▸ Information provided:
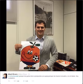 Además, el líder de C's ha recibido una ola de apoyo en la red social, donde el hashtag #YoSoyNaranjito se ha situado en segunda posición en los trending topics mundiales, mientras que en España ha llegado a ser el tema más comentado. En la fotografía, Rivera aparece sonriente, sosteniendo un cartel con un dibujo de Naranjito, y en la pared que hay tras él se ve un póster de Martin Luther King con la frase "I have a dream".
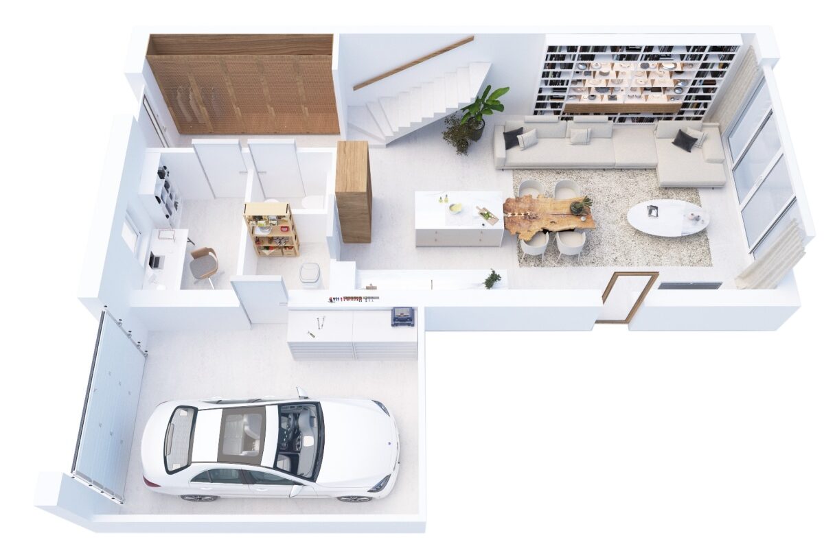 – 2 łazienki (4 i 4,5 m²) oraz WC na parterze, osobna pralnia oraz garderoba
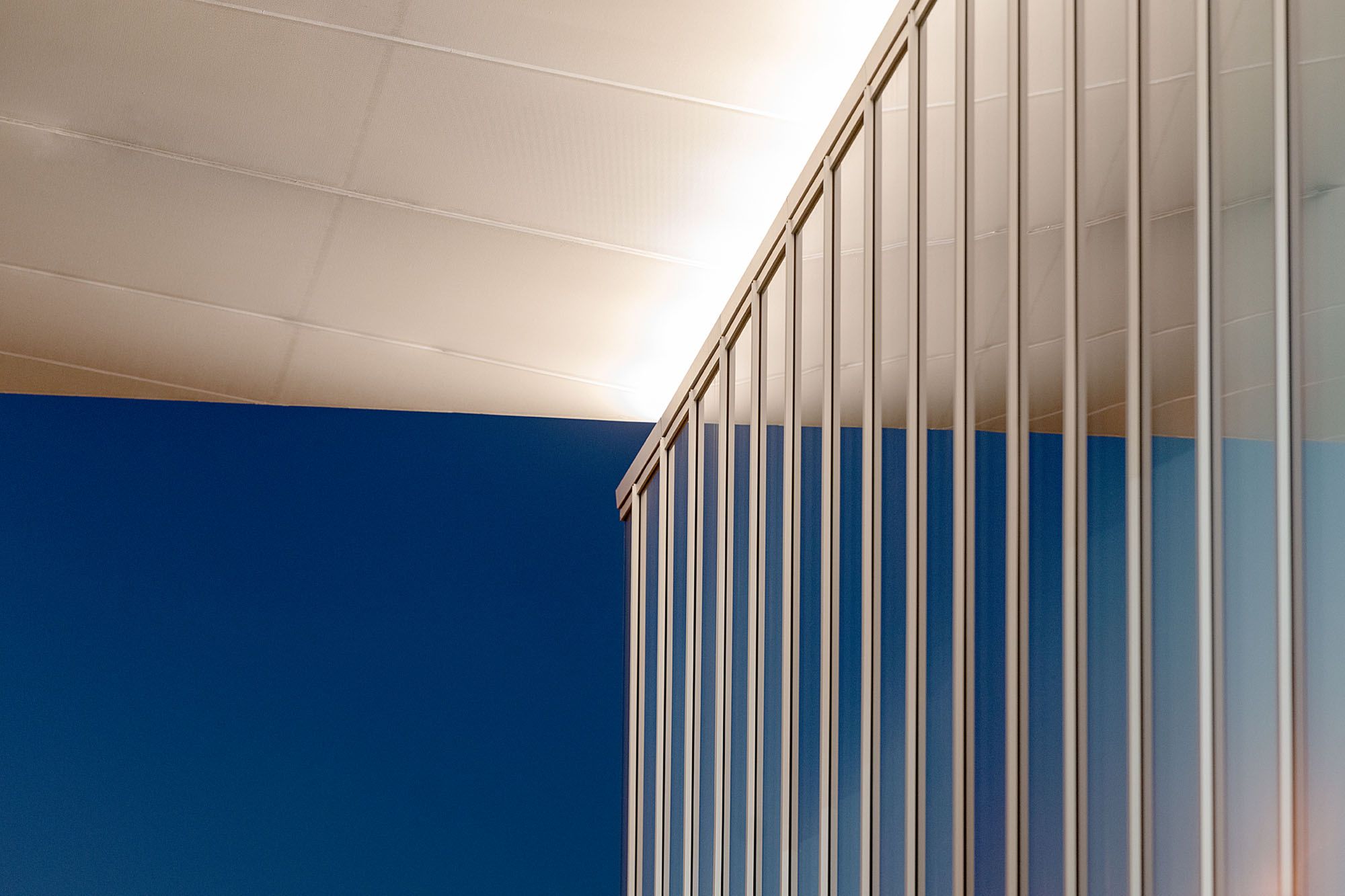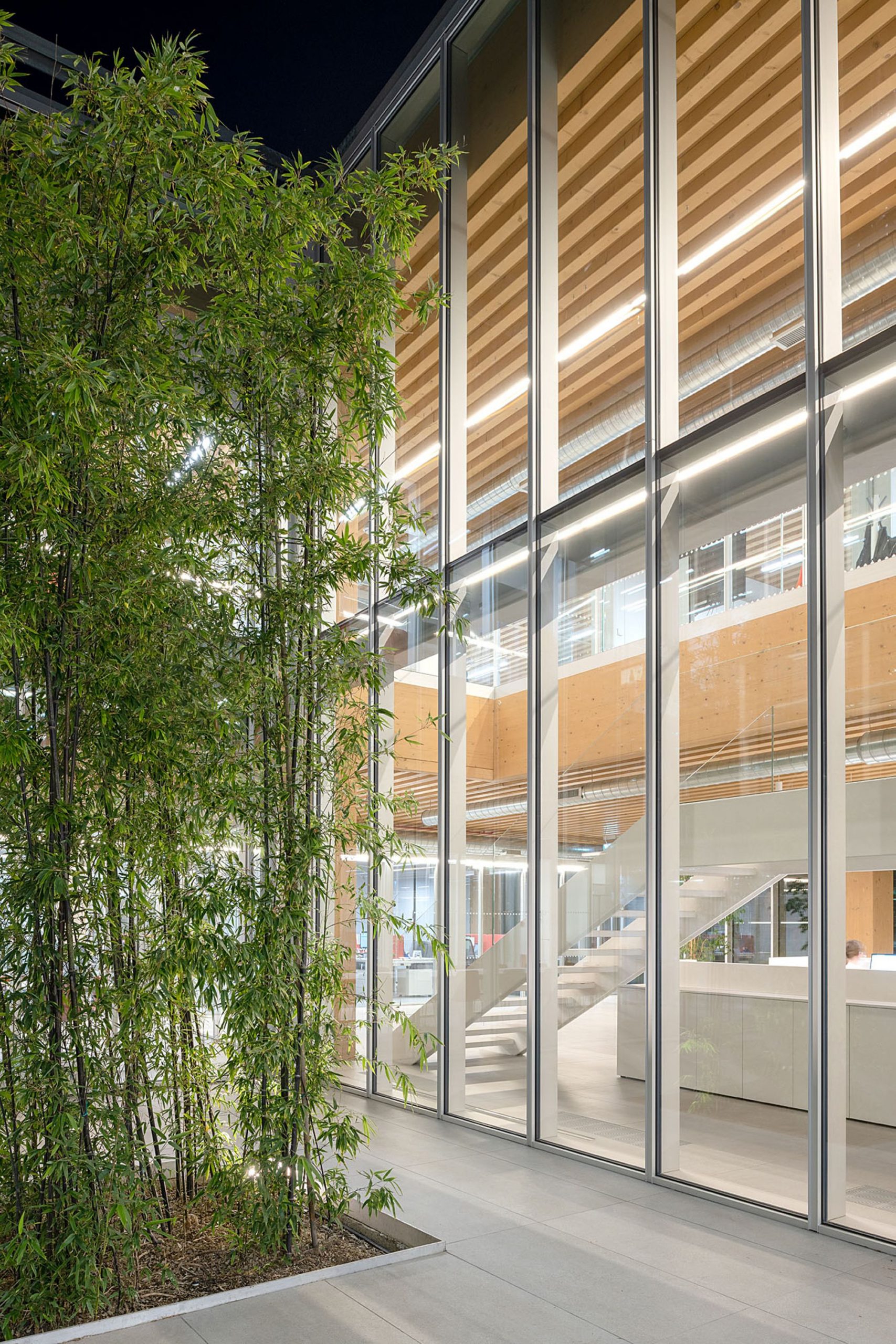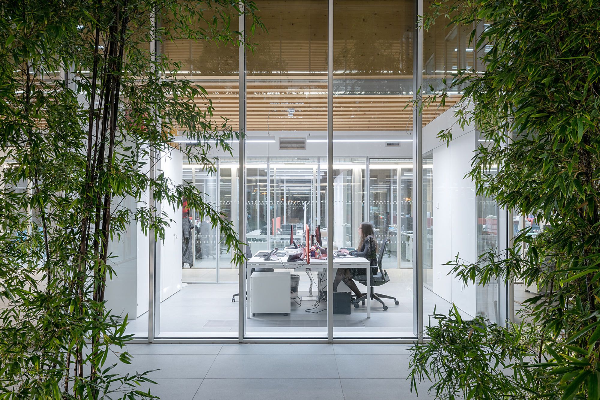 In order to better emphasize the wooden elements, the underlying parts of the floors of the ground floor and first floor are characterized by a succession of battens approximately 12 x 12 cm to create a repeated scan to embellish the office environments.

▸ Directions:
If the data includes images, omit them, and set down everything else exactly as above.

▸ Expected answer:
 Además, el líder de C's ha recibido una ola de apoyo en la red social, donde el hashtag #YoSoyNaranjito se ha situado en segunda posición en los trending topics mundiales, mientras que en España ha llegado a ser el tema más comentado. En la fotografía, Rivera aparece sonriente, sosteniendo un cartel con un dibujo de Naranjito, y en la pared que hay tras él se ve un póster de Martin Luther King con la frase "I have a dream".
 – 2 łazienki (4 i 4,5 m²) oraz WC na parterze, osobna pralnia oraz garderoba
 In order to better emphasize the wooden elements, the underlying parts of the floors of the ground floor and first floor are characterized by a succession of battens approximately 12 x 12 cm to create a repeated scan to embellish the office environments.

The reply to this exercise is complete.